The dog seems strangely depressed today. He's lying in his crate while I'm cooking in the kitchen; he's not begging me for food. I think he knows. He knows that the joy of preparing my traditional ham dinner is overshadowed this year by the fact that tomorrow is yet another Goodbye Day. My son is moving out tomorrow, after having lived at home for the past 5 months. He graduated from law school in May and moved home after he took the bar exam at the end of July.

As of the summer of 2009, neither he nor I expected him to ever live at home again. That was before he graduated in the face of the Great Recession and like many of his classmates, had no job lined up. He spent all of his 3rd year of law school, the past summer, and three of the past five months applying for jobs as far away as Alaska. Finally, in October, he got a job offer from a law firm in Fairfax, Virginia, twenty miles from home. He learned he'd passed the bar on October 21st and he started working the following Monday.

So he's going to rent part of the house a friend of his bought a while back --a part that doesn't include the kitchen-- which is two miles from his office. Hence, yet another Goodbye Day. How many have there been since the first, when he moved into a dorm at UVA in August of 2003? I know I've said it before but I'll say it again: the first was by far the worst. The house felt too empty, too quiet. I felt hollow, as though I'd never have anyone to talk to again. I didn't even have the dog, back then. And yet, he was home for Christmas and again for the summer of 2004. And so the cycle began. Seven years of back home, back to school, here and there a summer in Beijing, a semester in Tokyo, then back home, back to school, back home again.

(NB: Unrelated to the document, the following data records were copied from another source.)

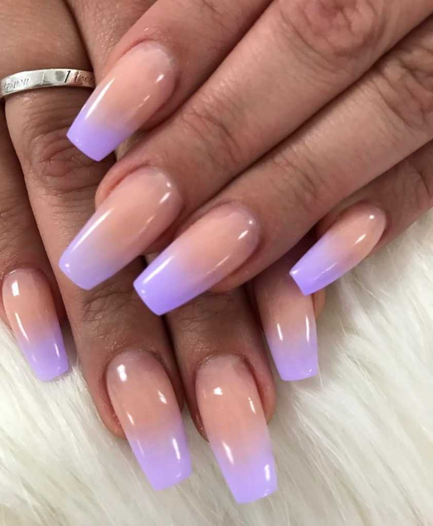 - Ею же размазывают границу между оттенками, после чего сушат ноготь.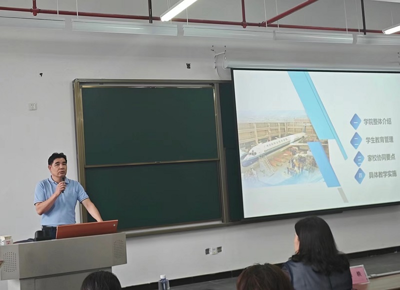 新生家长会上,学院领导对2023级新生家长和新生们表示热烈的欢迎,随后,详细介绍了飞机维修工程学院的基本情况,从学院发展情况、学科建设水平、师资队伍、课程设置、教学实践、人才培养及实习就业等几方面作深入全面地讲解,充分展示了学院的整体风貌,帮助家长对自己孩子的学校、专业和未来职业发展有更清晰的了解。
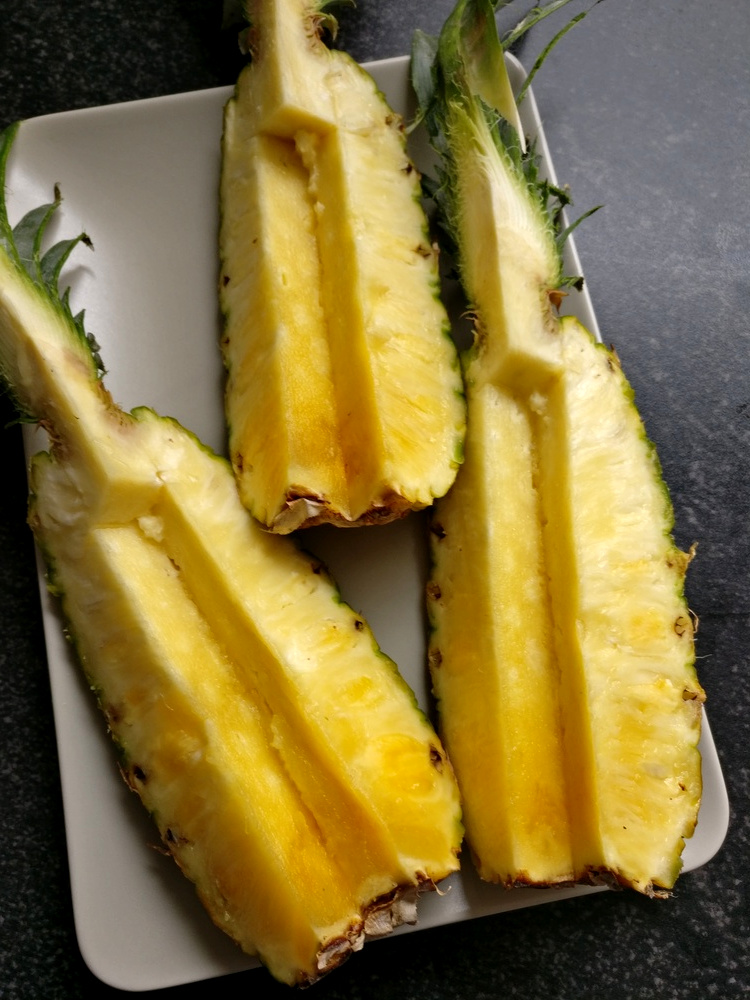 Weiter geht es mit der Ananas und dem Hähnchen. Da die Ananasviertel etwas länger gegrillt werden müssen, schneide ich zunächst die Ananas in Viertel und entferne den harten Strunk. Die Schnittflächen besprühe ich noch schnell mit etwas Trennspray, und dann sind die Ananasviertel bereit zum Grillen. Ein guter Zeitpunkt, um auch den Grill vorzuheizen.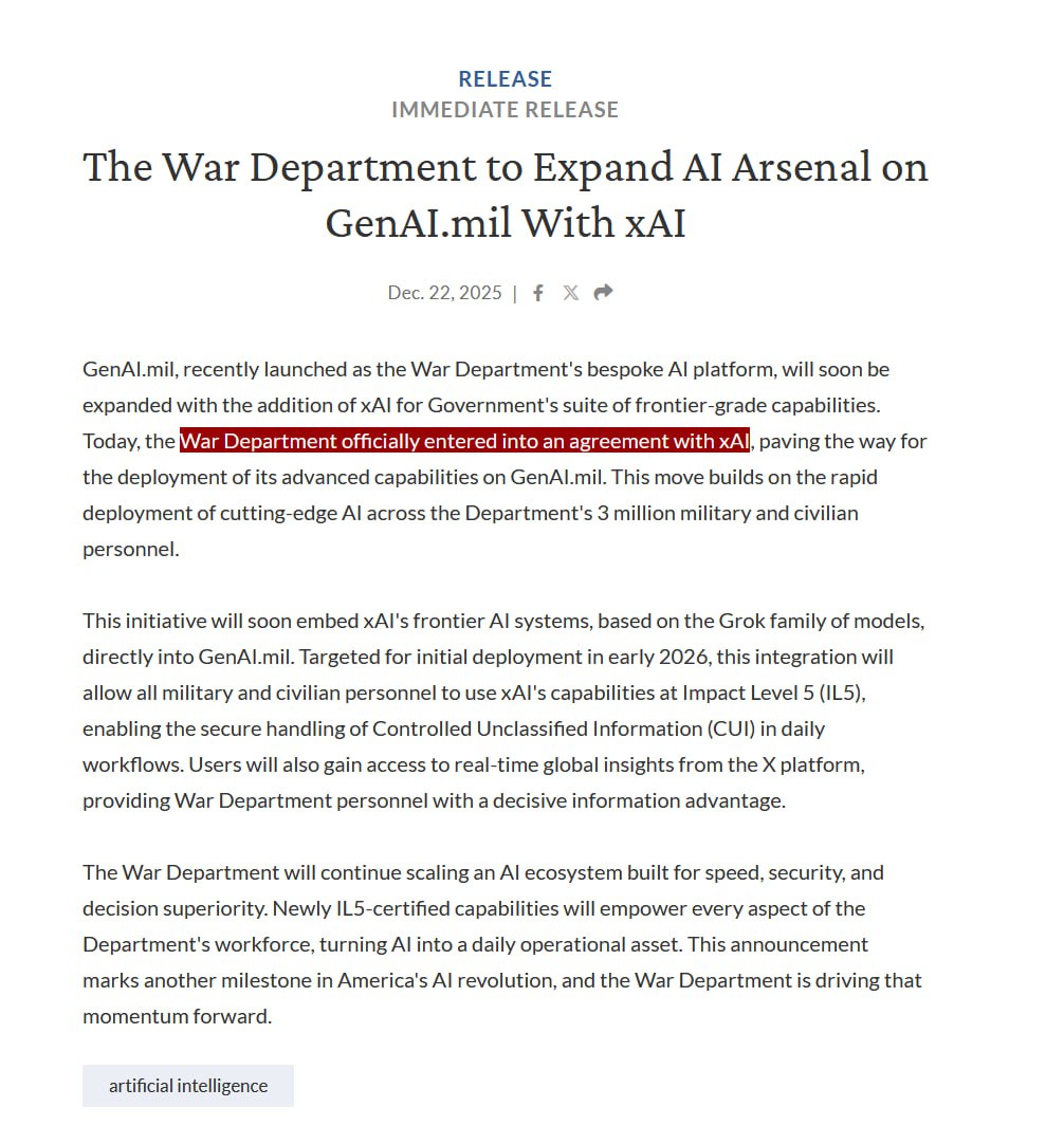 On December 22, 2025, the U.S. Pentagon announced that it has officially entered into an agreement with xAI. This partnership aims to enhance the rapid deployment of advanced artificial intelligence technologies across the Department of Defense, which includes approximately 3 million military and civilian personnel.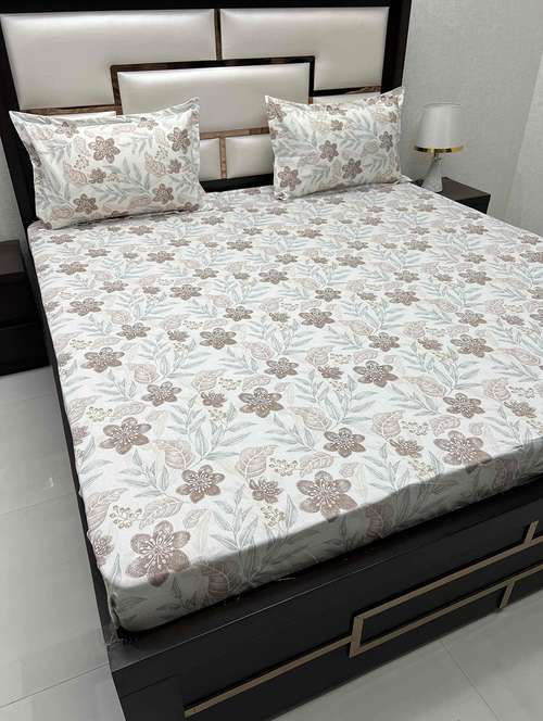 printed tc fitted king-sized bedsheet with 2 pillow covers

While the first Goodbye day had an illusory feeling of permanence, this one has an illusory feeling of "just another moving day". This should be the last; I don't expect my son to ever live at home again, nor does he expect to. He's 25, his education is complete, he's employed and dipping his toes into the icy, shark-infested waters of financial independence. Let me know how that works out for ya, as they say. He doesn't want to start dating until he has his own place, so Move, I say, Move before I change the locks.

Since August of 2003 I've been an "empty nest mom", and yet it's been this "here again, gone again" thing. After five months of having him home again, I can't remember what my life feels like when he's gone. I guess I'll find out tomorrow.